Nusa Penida Ditargetkan 100 Persen Green Iland di Tahun 2030, Bupati Satria ; Sudah Mulai Tahun 2024

Penggunaan mobil listrik di mulai di Pulau Nusa Penida, menuju green energy. foto/kabarbali.id

KLUNGKUNG, KABARBALI.ID – Pemerintah Kabupaten Klungkung memasang target tinggi untuk menyulap kawasan wisata Nusa Penida menjadi pulau hijau (green island). Bupati Klungkung, I Made Satria, menegaskan komitmennya untuk menggenjot elektrifikasi kendaraan dengan target ambisius: pada tahun 2030, seluruh sepeda motor dan mobil yang beroperasi di Nusa Penida wajib berbasis energi listrik.

Bupati asal Dusun Sental Kangin, Desa Ped ini menjelaskan bahwa peta jalan menuju green island mencakup tiga pilar utama, yakni green energy, green mobility, dan green ecosystem.

Pihaknya menargetkan minimal 100 unit kendaraan listrik sudah mulai mengaspal di Nusa Penida pada tahun 2026 ini sebagai stimulan.

Langkah awal megaproyek ini ditandai dengan penandatanganan nota kesepahaman (MoU) antara Pemkab Klungkung bersama PT Riline Velocity Express (RVE) dan PT Bank Mandiri (Persero) Tbk di Nusa Penida, Selasa (14/7/2026). Untuk klaster pengembang, Pemkab menggandeng PT Inako untuk penyediaan motor listrik dan PT RVE untuk mobil listrik.

“Untuk mewujudkan itu kami mulai dari green energy, kemudian green mobility dan green ekosistem. Green energy sudah dimulai tahun 2024 dengan dibangunnya PLTS dan itu akan kami lanjutkan sampai terpenuhinya kebutuhan 100 persen. Bertahap akan kami kurangi atau tiadakan listrik bertenaga diesel di Nusa Penida,” ujar Bupati Satria, Selasa (14/7/2026) lalu.

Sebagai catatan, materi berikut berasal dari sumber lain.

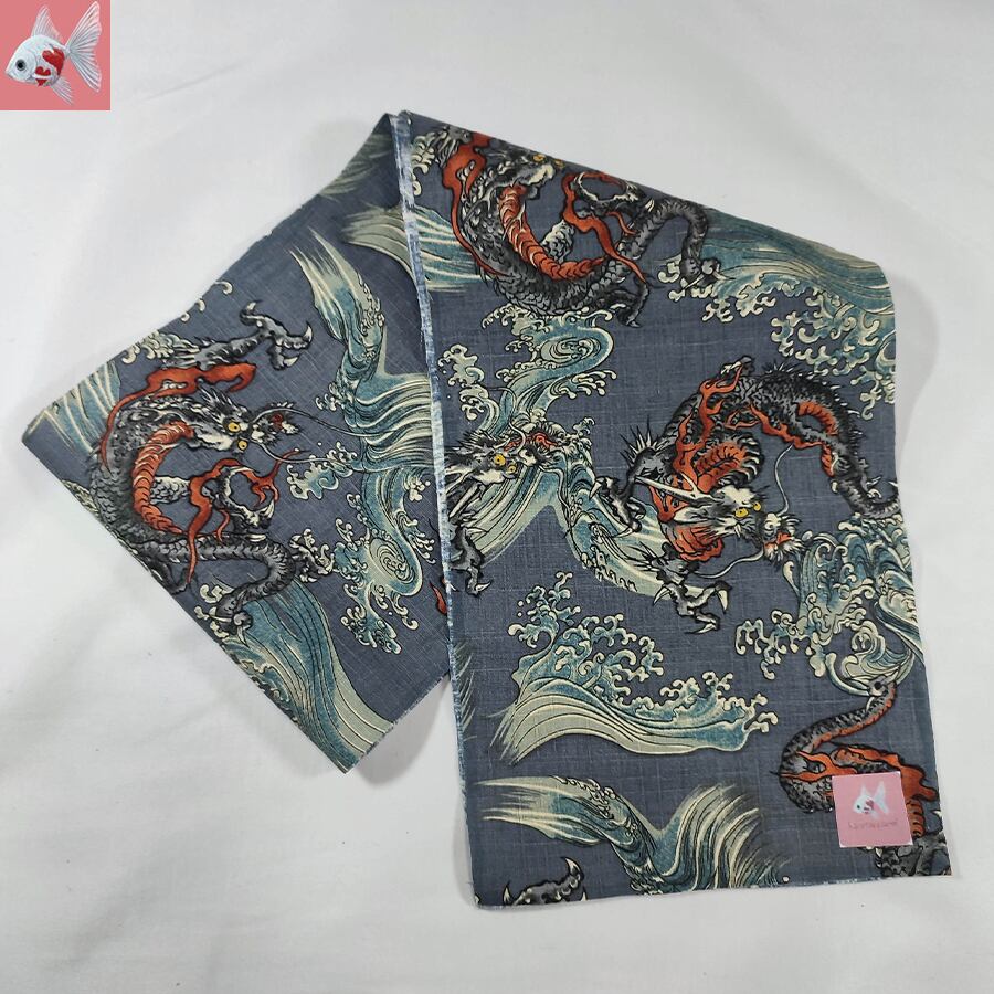 グレー地にワイルドな龍と波の柄が素敵です。

Program green mobility ini nantinya akan diterapkan secara menyeluruh di tiga pulau, yakni Pulau Nusa Gede, Lembongan, dan Ceningan. Pihak pemkab meyakini transisi radikal ke kendaraan listrik ini menjadi kunci utama demi melahirkan iklim pariwisata Bali yang berkualitas dan berkelanjutan.

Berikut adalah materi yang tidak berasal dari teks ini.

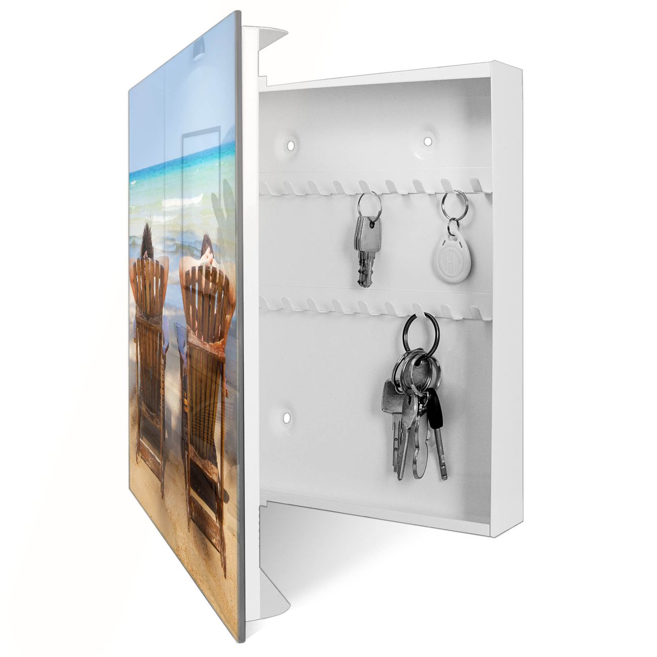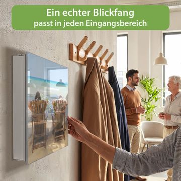 Bringe Ordnung und Eleganz in deinen Eingangsbereich mit dem banjado Schlüsselkasten Motiv Motiv Robinson Und Freitag. Die moderne Schlüsselbox kombiniert funktionales Design mit hochwertiger Verarbeitung und wird so zu einem echten Hingucker in Flur, Büro oder Ferienwohnung. ✅ Stilvolle Schlüsselaufbewahrung mit Glasfront im Motiv Motiv Robinson Und Freitag Der Design-Schlüsselkasten Motiv Motiv Robinson Und Freitag bietet Platz für bis zu 50 Schlüssel, die auf 5 stabilen Reihen mit je 10 Haken übersichtlich verstaut werden. Mit seinen kompakten Maßen von 30 x 30 x 5 cm passt die Schlüsselbox perfekt auch in kleinere Räume. Der weiß lackierte Stahlkorpus mit rechts angeschlagenem Türscharnier harmoniert mit der Glasfront und fügt sich nahtlos in jedes Wohnambiente ein. Ob als Schlüsselorganizer für Zuhause oder als praktische Lösung für Büros, Praxen und Gewerbe, der banjado Schlüsselkasten sorgt für Ordnung und Übersicht. Dank der magnetischen, mit Kreidestiften beschreibbaren Glasfront kannst du Notizen anheften oder Termine direkt auf der Oberfläche festhalten. Die Schlüsselbox Motiv Motiv Robinson Und Freitag zur Wandmontage wird inklusive Befestigungsmaterial geliefert und ist schnell angebracht. So hast du deine Schlüssel jederzeit griffbereit und zugleich stilvoll verstaut. Mit diesem banjado Schlüsselkasten Motiv Motiv Robinson Und Freitag kombinierst du praktische Aufbewahrung mit stilvollem Wohndesign. Ob privat oder geschäftlich, die Schlüsselbox sorgt für mehr Ordnung, Übersicht und ein wohnliches Ambiente.Vorteile im Überblick

Namun, di balik optimisme tersebut, target ini dinilai banyak pihak terlalu terburu-buru dan menghadapi tantangan mahaberat di lapangan. Hingga saat ini, ambisi tersebut belum diimbangi dengan kesiapan infrastruktur dasar. Kualitas jalan raya di Nusa Penida masih banyak yang memprihatinkan, dan keberadaan Stasiun Pengisian Kendaraan Listrik Umum (SPKLU) masih sangat minim.

Tak hanya itu, regulasi daerah yang mengikat belum disusun secara jelas. Ekosistem pendukung roda bisnis kendaraan listrik, mulai dari ketersediaan bengkel khusus, pasokan suku cadang, hingga jaringan dealer resmi juga belum menyentuh pulau seberang ini, sehingga berpotensi menyulitkan para pelaku industri pariwisata lokal yang menjadi motor penggerak di lapangan. (Sta-Kab).